=== Section Start ===

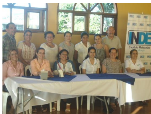
Mujeres y jóvenes del capítulo INDE Matagalpa participan en el taller de Responsabilidad Social

El Instituto Nicaragüense de Desarrollo (INDE) es una de las instituciones pioneras en el impulso de la responsabilidad social empresarial en Nicaragua, es por eso que anualmente reflexiona sobre la situación actual, y se facilitan talleres sobre la temática de empresa y responsabilidad social en donde se abordan contenidos relacionados al respeto de opiniones, participación individual, siendo la mejor manera que todos los colaboradores aprendan y comprendan sobre el respeto de las opiniones.
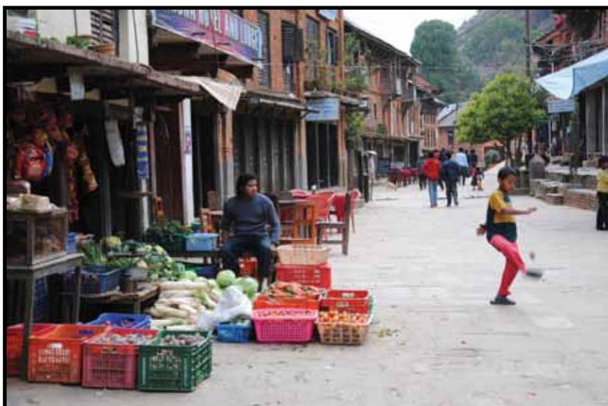
Hovedgaden i Bandipur
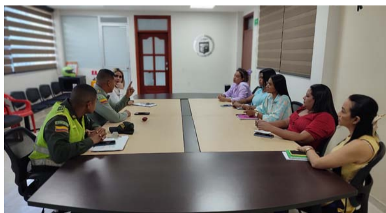
La actividad se cumple a través de la secretaría de Salud, en el marco de la semana por la vida.
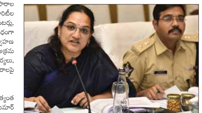
పారదర్శకంగా ఎన్ఎన్ఆర్-2024: సీఈవో ముఖేష్ కుమార్ మీనా రాష్ట్రంలో ఓటర్ల జాబితా ప్రత్యేక సంక్షేప సవరణ-2024 ప్రక్రియ అత్యంత పారదర్శకంగా జరుగుతోందని రాష్ట్ర బీసీ ఎలక్షన్ అధికారి ముఖేష్ కుమార్
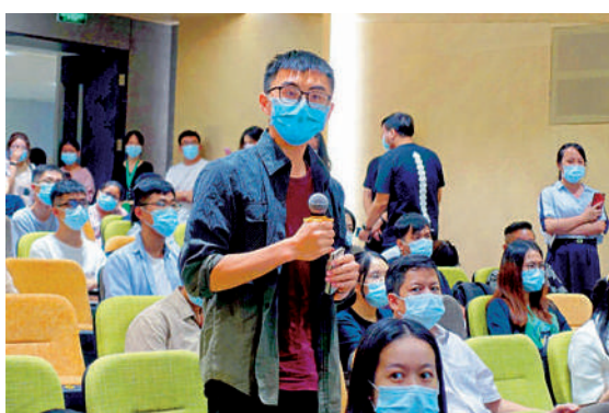
▲ 宣講會上，一名香港學生提問，廣東省人社廳等有關部門面對面答疑。

目前自己在廣州工作，平時可以粵語交流，和香港區別不大。而且實際上工作是「965」（朝九晚六、一周工作五天），沒有「996」那麼辛苦。這邊職場環境非常公開透明，無論要進入公司、還是晉升哪些崗位，都有面試、筆試等正規程序，安排都非常公開透明。
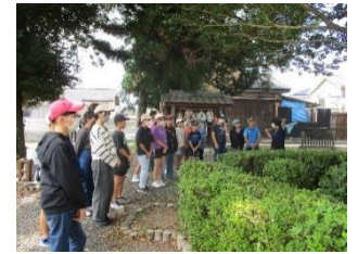
大刀洗平和記念館・頓田の森平和花園
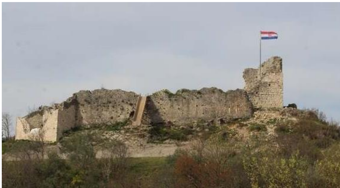
Slika 16: Tvrđava Kurjakovića
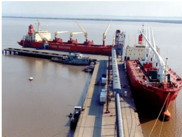
Puerto de Fray Bentos 2

El primero, viniendo de norte a sur, es de la Colonia San Javier, sobre la desembocadura del arroyo Farrapos, a la fecha sin actividad, y parcialmente anegado.
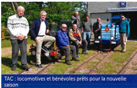
TAC : locomotives et bénévoles prêts pour la nouvelle saison
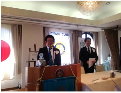
世界チャンピオン戦スポンサー協力をお願い
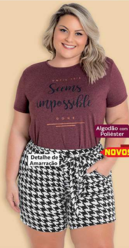
Algodão com Poliéster
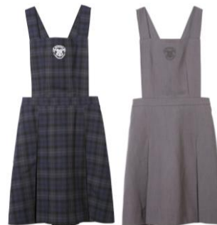
ハリー・ポッター ジャンパースカート 価格:各 25,920 円(税込)
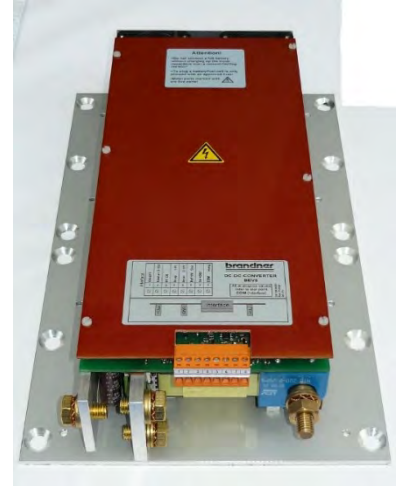
8 kW -omvormer
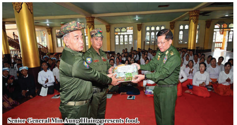
Senior General Min Aung Hlaing presents food.
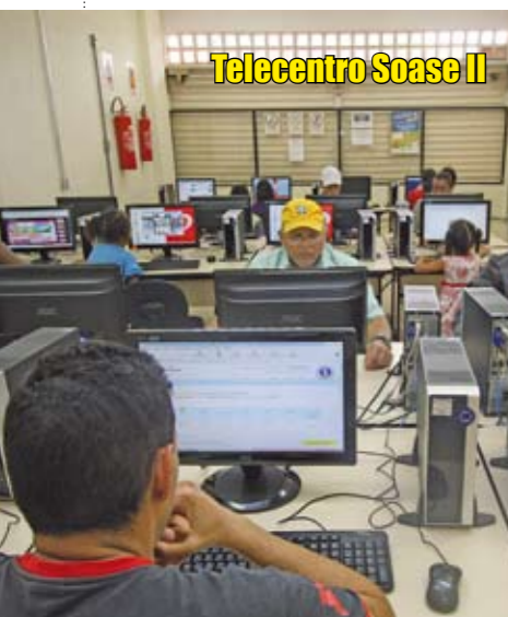
Telecentro Soase II

=== Section End ===

__Work request__. Down to the last line, reproduce the material above exactly; skip its images.

__Result below__.
Mujeres y jóvenes del capítulo INDE Matagalpa participan en el taller de Responsabilidad Social

El Instituto Nicaragüense de Desarrollo (INDE) es una de las instituciones pioneras en el impulso de la responsabilidad social empresarial en Nicaragua, es por eso que anualmente reflexiona sobre la situación actual, y se facilitan talleres sobre la temática de empresa y responsabilidad social en donde se abordan contenidos relacionados al respeto de opiniones, participación individual, siendo la mejor manera que todos los colaboradores aprendan y comprendan sobre el respeto de las opiniones.
Hovedgaden i Bandipur
La actividad se cumple a través de la secretaría de Salud, en el marco de la semana por la vida.
పారదర్శకంగా ఎన్ఎన్ఆర్-2024: సీఈవో ముఖేష్ కుమార్ మీనా రాష్ట్రంలో ఓటర్ల జాబితా ప్రత్యేక సంక్షేప సవరణ-2024 ప్రక్రియ అత్యంత పారదర్శకంగా జరుగుతోందని రాష్ట్ర బీసీ ఎలక్షన్ అధికారి ముఖేష్ కుమార్
▲ 宣講會上，一名香港學生提問，廣東省人社廳等有關部門面對面答疑。

目前自己在廣州工作，平時可以粵語交流，和香港區別不大。而且實際上工作是「965」（朝九晚六、一周工作五天），沒有「996」那麼辛苦。這邊職場環境非常公開透明，無論要進入公司、還是晉升哪些崗位，都有面試、筆試等正規程序，安排都非常公開透明。
大刀洗平和記念館・頓田の森平和花園
Slika 16: Tvrđava Kurjakovića
Puerto de Fray Bentos 2

El primero, viniendo de norte a sur, es de la Colonia San Javier, sobre la desembocadura del arroyo Farrapos, a la fecha sin actividad, y parcialmente anegado.
TAC : locomotives et bénévoles prêts pour la nouvelle saison
世界チャンピオン戦スポンサー協力をお願い
Algodão com Poliéster
ハリー・ポッター ジャンパースカート 価格:各 25,920 円(税込)
8 kW -omvormer
Senior General Min Aung Hlaing presents food.
Telecentro Soase II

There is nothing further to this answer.